Маленький друг - Донна Тартт
Шрифт:
Интервал:
Закладка:
Забавно, кстати, что дом назывался “Напастью”. Так его прозвал дед судьи Клива – он не раз говорил, что строительство дома чуть не свело его в могилу. Теперь от дома остались только две дымовые трубы да замшелая дорожка из выложенного хитрой “елочкой” кирпича – дорожка вела к парадному крыльцу, где на приступке еще сохранились пять растрескавшихся бледно-голубых плиток с буквами “К-Л-И-В-Ы”.
Гарриет эти пять голландских изразцов – осколок погибшей цивилизации – занимали куда сильнее мертвых собак с печеньями в пасти. Их нежная блеклая голубизна казалась ей лазурным цветом богатства, Европы, рая; “Напасть”, которую она восстанавливала по этим плиткам, оживала в ослепительном, фосфоресцентном ореоле мечты.
Она представляла, будто ее погибший брат бродит, словно принц, по залам этого утраченного ими дворца. Дом продали, когда ей было всего полтора месяца, но вот Робин съезжал вниз по перилам красного дерева (он так однажды, рассказывала Аделаида, чуть не пробил ногами стеклянные дверцы серванта, который стоял внизу) и играл в домино на персидском ковре, а мраморные купидоны простирали над ним крылья и лукаво глядели на него из-под набрякших век. Он засыпал под чучелом медведя, которого подстрелил его двоюродный дед – дед же потом и набил чучело, он видел стрелу, украшенную выцветшими перьями сойки – стрелу эту в его прапрадеда пустил индеец-натчез во время набега в 1812 году, и она так и осталась торчать в стене гостиной.
Кроме изразцов от “Напасти” уцелело немногое. Почти все ковры и мебель, все предметы интерьера – и мраморных купидонов, и люстру – распихали по ящикам с надписью “Разное” и продали гринвудскому антиквару, который дал за них от силы половину стоимости. Знаменитая стрела рассыпалась у Эди прямо в руках, когда та попыталась выдернуть ее из стены, а крошечный наконечник даже ножом не смогли выковырять из штукатурки. Изъеденное молью чучело медведя выкинули на помойку, откуда его радостно вытащили какие-то негритята и за задние лапы уволокли по грязи домой.

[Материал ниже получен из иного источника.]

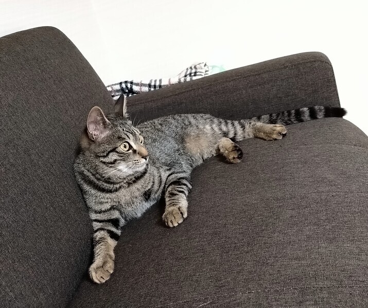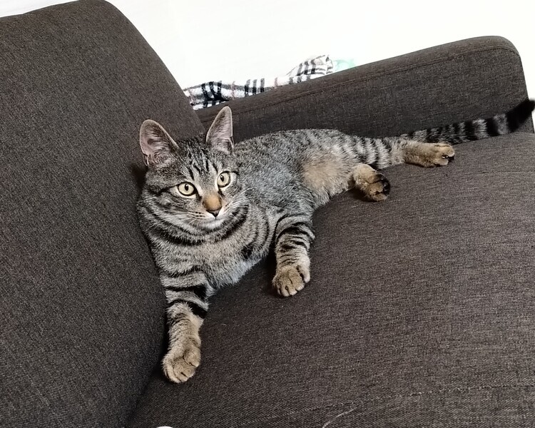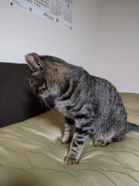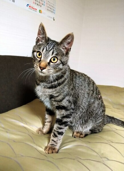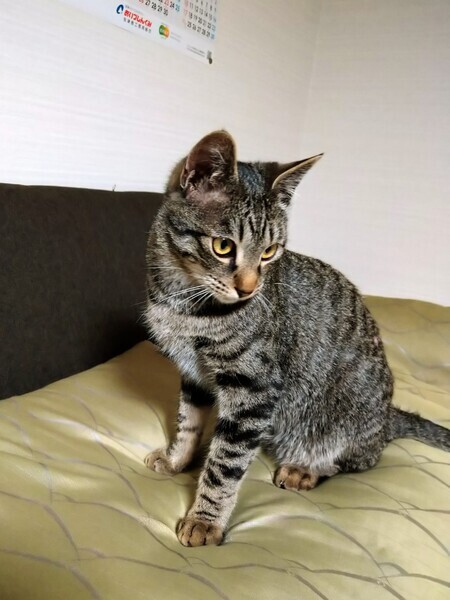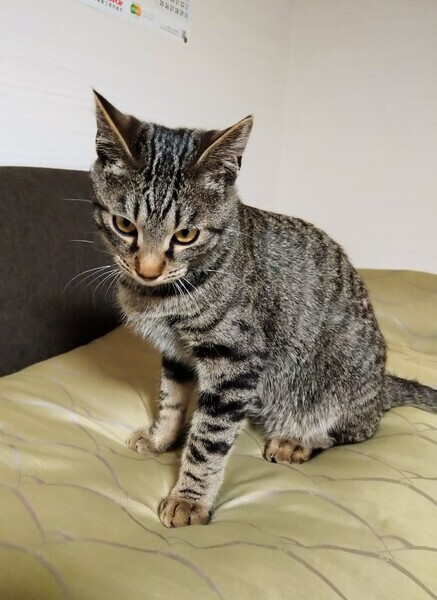 | 特徴(性格など) | 令和4年8月生まれの甘えん坊のキジトラ♂です。三兄弟の長男として生まれて、3匹の中では一番おとなしい性格でした。生後2ヶ月からずっと一匹で飼われていたので、とても人懐っこい性格でかまってちゃんです。小さい時から愛情表現として、顔に自分の顔を押し付けてきます。生まれてからずっと室内飼いされています。令和5年3月に去勢手術済です。健康体そのもの、モリモリ餌も残さず食べて毎日快便です。トイレもしっかりできるのでほとんど粗相もしません。紙を丸めた小さなボールで遊ぶのがこの上なく大好きで、まだまだ子供わんぱく盛りです。 | ||

Как же тогда воссоздать этого сгинувшего колосса? Где ей искать подсказки, на какие глядеть окаменелости? На окраине города до сих пор сохранился фундамент дома, где именно, она, правда, не знала, да и знать ей отчего-то не хотелось; посмотреть на развалины дома ее водили всего раз, давным-давно, холодным зимним днем. Она тогда была совсем маленькой, и потому ей казалось, что на фундаменте стоит что-то гораздо больше дома, может быть, даже целый город; она помнила, как Эди (одетая по-мальчишески, в брюках цветах хаки) возбужденно перепрыгивала из комнаты в комнату и показывала, где была гостиная, где столовая, где библиотека, а изо рта у нее вырывались клубы белого пара – впрочем, куда сильнее ей в память врезалось другое воспоминание – преужасное – как одетая в красный труакар Либби вдруг принимается рыдать, тянет руки к Эди и та ведет ее обратно к машине по хрустящему зимнему лесу, а Гарриет плетется за ними.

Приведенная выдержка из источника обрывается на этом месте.